By the numbers: The vaccine was found to be 90.4% effective overall and 100% effective at protecting against moderate and severe disease.

  • The vaccine has an efficacy of 96.4% against the original virus strain and 86.3% against the Alpha variant, which was first detected in the U.K.

  • The results of the study demonstrate efficacy comparable to the Pfizer and Modera vaccine.

  • Novavax said it remains on track to reach a manufacturing capacity of 100 million doses per month by the end of Q3 and 150 million doses per month by the end of Q4.
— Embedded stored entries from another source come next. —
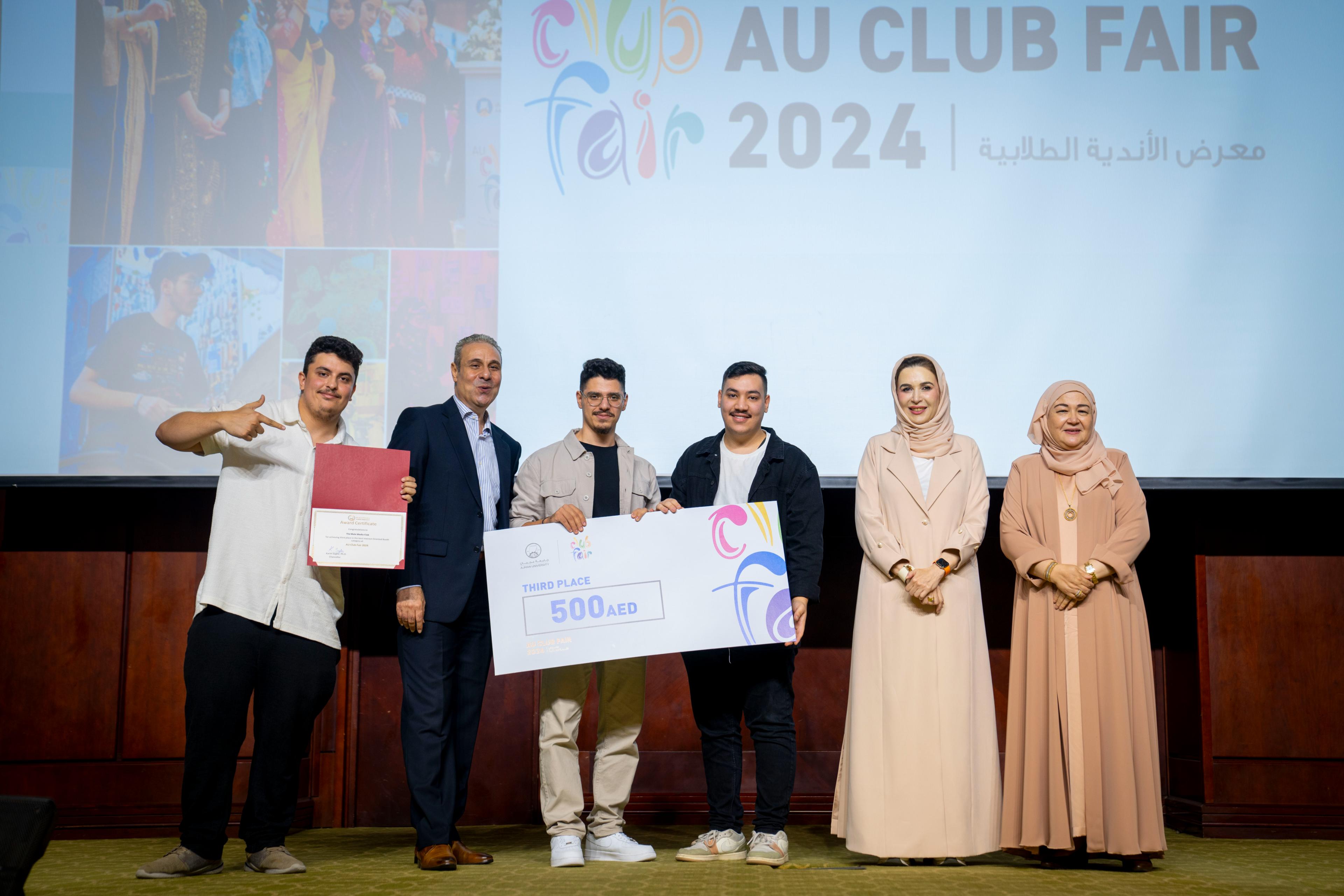 Interest-Oriented Clubs for Female Students: The Cooking Club received the Commitment Award, the AU Car Club won the Teamwork Award, the Civil Engineering Club earned the Creativity Award, and the Pediatrics Club claimed the Innovation Award. The Marketing Club was awarded the Marketing Award, and the Architecture Club was honored with the Initiative Award.
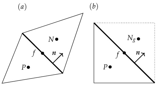 Schematic figure of (a) two cells P (parent) and N (neighbour) and (b) a boundary cell P with its ghost cell . f is the face between two cells and defines the normal vector.
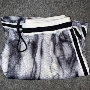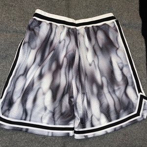 Relaxed fit mesh basketball shorts in a custom 'Smokescreen' print. Two pocket styling with a ribbed drawstring waist and knit striped trim with vented cuffs. Fully lined. Item comes from a smoke-free home.
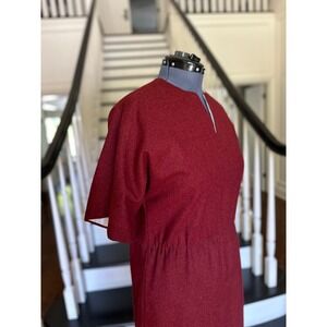Vintage 50s 60s Pendleton Midi Dress Burgundy Wool Midcentury Rockabilly Modest

  • The U.S. government has invested $1.6 billion to support the development of Novavax's vaccine and preordered 110 million doses.

  • Novavax has pledged 1.1 billion doses to the World Health Organization's Covax initiative — with the company's chief executive saying many of the doses will be going to "low- and middle-income countries first."

What they're saying: “Many of our first doses will go to … low- and middle-income countries, and that was the goal to begin with,” Novavax CEO Stanley Erck told AP.

  • "It’s really very impressive,” Anthony Fauci, director of the NIAID, said per the Post. “It’s very important for the world’s population to have, yet again, another highly efficacious vaccine that looks in its trial to have a good safety profile.”

  • Virologist Matthew Frieman told the New York Times: "Novavax may be used as a booster in the U.S., but it certainly will be the first vaccine a lot of people are going to see around the world.”

What's next: Novavax said it would seek emergency authorization from the FDA and other regulators in Q3 of this year.